Das althergebrachte Vorurteil, dass Frauen nichts vom Fussball verstehen, wollen wir hier nicht einmal ignorieren. Ute Baumhackl, Kulturredakteurin der Kleinen Zeitung, zeigt vielmehr, dass sie Fussball, Sport generell, als das versteht, als was er verstanden werden sollte: Als Abbild und Spiegel, beizeiten auch Wegbereiter und Schrittmacher gesellschaftlicher Entwicklungen.
Es geht lustigerweise aus Baumhackls Text über den Fussballer David Beckham, der seinen runden 50. Geburtstag begeht, nicht hieb- und stichfest hervor, ob sie überhaupt ein Fan seines Spiels ist.
Beckham Spezialität waren bekanntlich die ruhenden Bälle, das ist rein fussballerisch betrachtet nicht die Welt - was seine Publizität ausmachte, war sein öffentliches Auftreten.
„David Beckham hat mein Englisch-Vokabular erweitert.

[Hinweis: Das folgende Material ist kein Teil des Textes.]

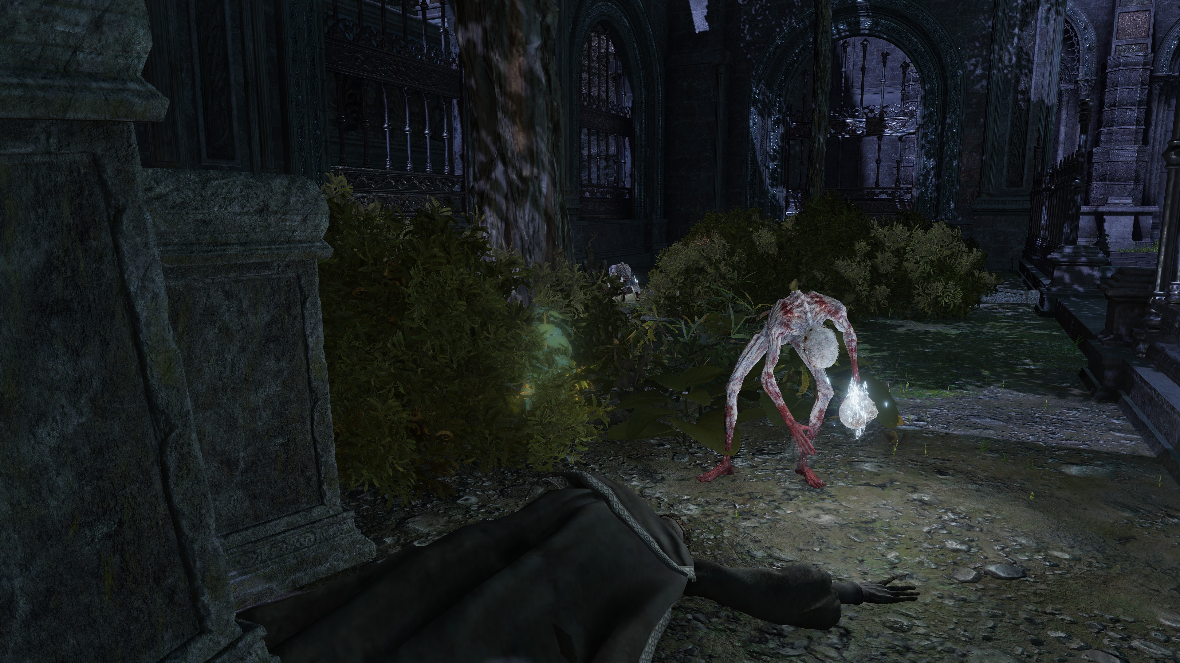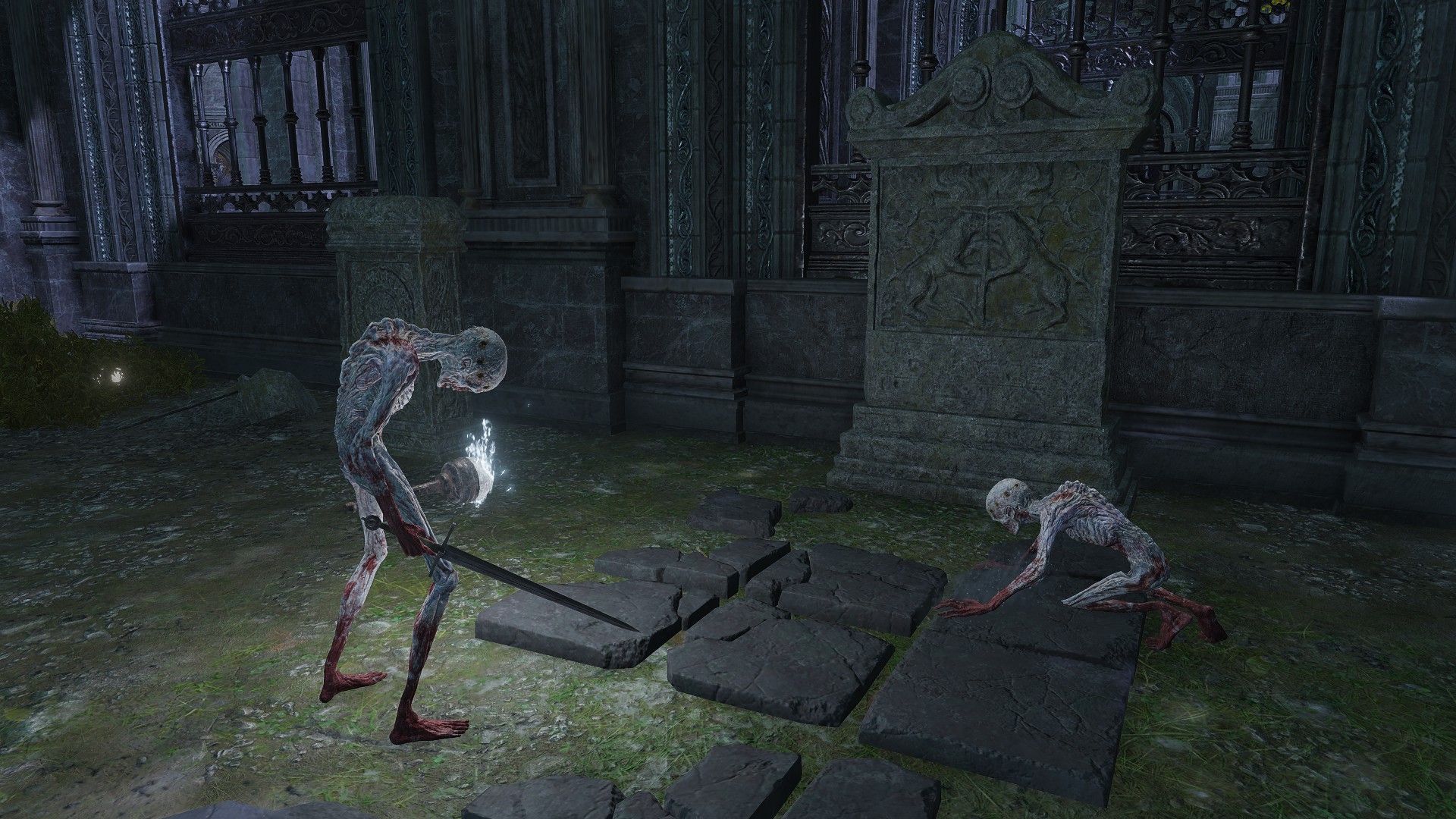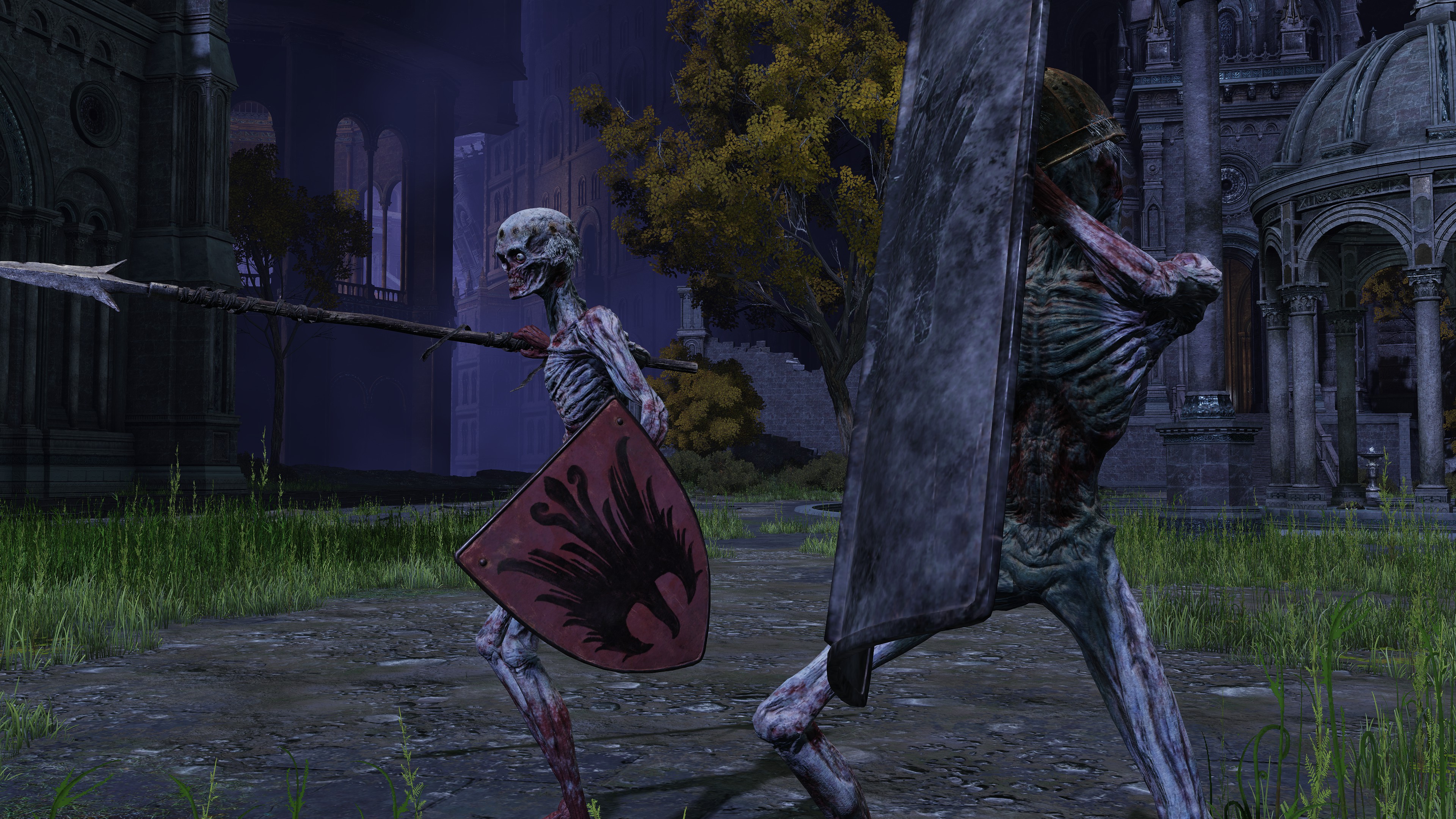 The soldier corps was last ordered to explore the Eternal Cities. Besides Nokron, where we can witness the Fallen Hawk soldiers in person, (the same for Noklateo in Elden Ring: Nightreign) they have also made their presence known in Nokstella. Just as the former has a corpse carrying the greatshield soldier ashes, the latter has their archer ashes. Both Nokron and Nokstella too have mimic tears take the form of the Fallen Hawks’ naked form and unique shields, implying personal experience — more so than with trolls, which get mimicked the once. There are also bizarre signs of destruction in the two cities. The destruction in Nokron already exists before the meteor falls on Mistwood, so we can exclude it as a cause. Visitors’ lanterns likewise lay around the rubble, leaving no doubt that outsiders swept through this destruction, which has even collapsed infrastructure connecting Night’s Sacred Ground to the rest of the capital. And there, searching the rubble, collecting dewkissed herba among other things, are the Fallen Hawks. The Nox have come into conflict with these underground explorers, suffering serious damage as a result.

Wegen ihm weiß ich, was ,chavvy' ist. Er galt einmal als Inbegriff davon. Der Ausdruck beschreibt einen bestimmten Typus, der in Großbritannien gern verspottet wird: Leute, die sich zu großspurig kleiden und zu exaltiert stylen. Ihre Mode ist zu laut, zu glitzy, zu markenorientiert - sie setzen teuer mit gut gleich, behängen sich mit zu viel Schmuck, und ihr gesamtes Ringen um Distinktion demonstriert, wie indistinguiert sie in Wahrheit sind."
Das ist der Beginn einer Hommage.
Der „Chav", kommt aus der Unterschicht, und das geht im klassenbewussten UK genauso wenig wie parvenuhaftes Auftreten. Der Spott der britischen Presse über ihn und seine Frau Victoria Adams, die Posh Spice der Spice Girls („posh", noch so ein schöner Ausdruck, kann in dem Zusammenhang mit „auf vornehm machend" übertragen werden) fiel dementsprechend aus.
Beckham ließ sich - und das zeichnet Baumhackl als seine eigentliche Leistung aus - nicht beirren, „experimentierte mit wunderlichen Frisuren, ließ sich im Lauf der Jahre um die 60 Tattoos stechen, modellierte erst seinen Körper zur Muskelskuptur und dann fast nackt für einen Unterhosenhersteller.
Derlei ist heute in Kickerkreisen quasi Standard. In den Jahren der Jahrtausendwende war das beispiellos, ja skandalös; Beckham musste wirklich sehr viele Tore schießen und Verletzungen überstehen, um seine fußballerische Männlichkeit zu beweisen und bekam dann erst recht das Etikett des „Metrosexuellen“ aufgedrückt."
Lukrativen Werbeverträgen war Beckhams modischer und stilistischer Wagemut freilich nicht abträglich; sein und seiner Frau Victoria aktuelles Vermögen wird von seriösen Quellen auf eine halbe Milliarde Euro geschätzt. Während Victoria ein Designhaus für Luxusmode betreibt, hat sich David Beckham, noch immer ein ergiebiger Werbeträger, den Fußballklub Inter Miami unter den Nagel gerissen. Dort verbringen Weltstars wie Lionel Messi und Luis Suárez ihr Ausgedinge.
Ute Baumhackl aber zeigt am Beispiel David Beckham sehr schön und auf schreiberisch hohem Niveau, dass Fußball mehr bedeutet als dass die sprichwörtlichen 22 Hansln (und nebenbei bemerkt auf der Mann mit der Pfeife und in geringerem Ausmaß auch seine Assistenten) einem Ball nachrennen. Es ist nicht alles so einfach, wie es stumpfen Verächtern erscheint.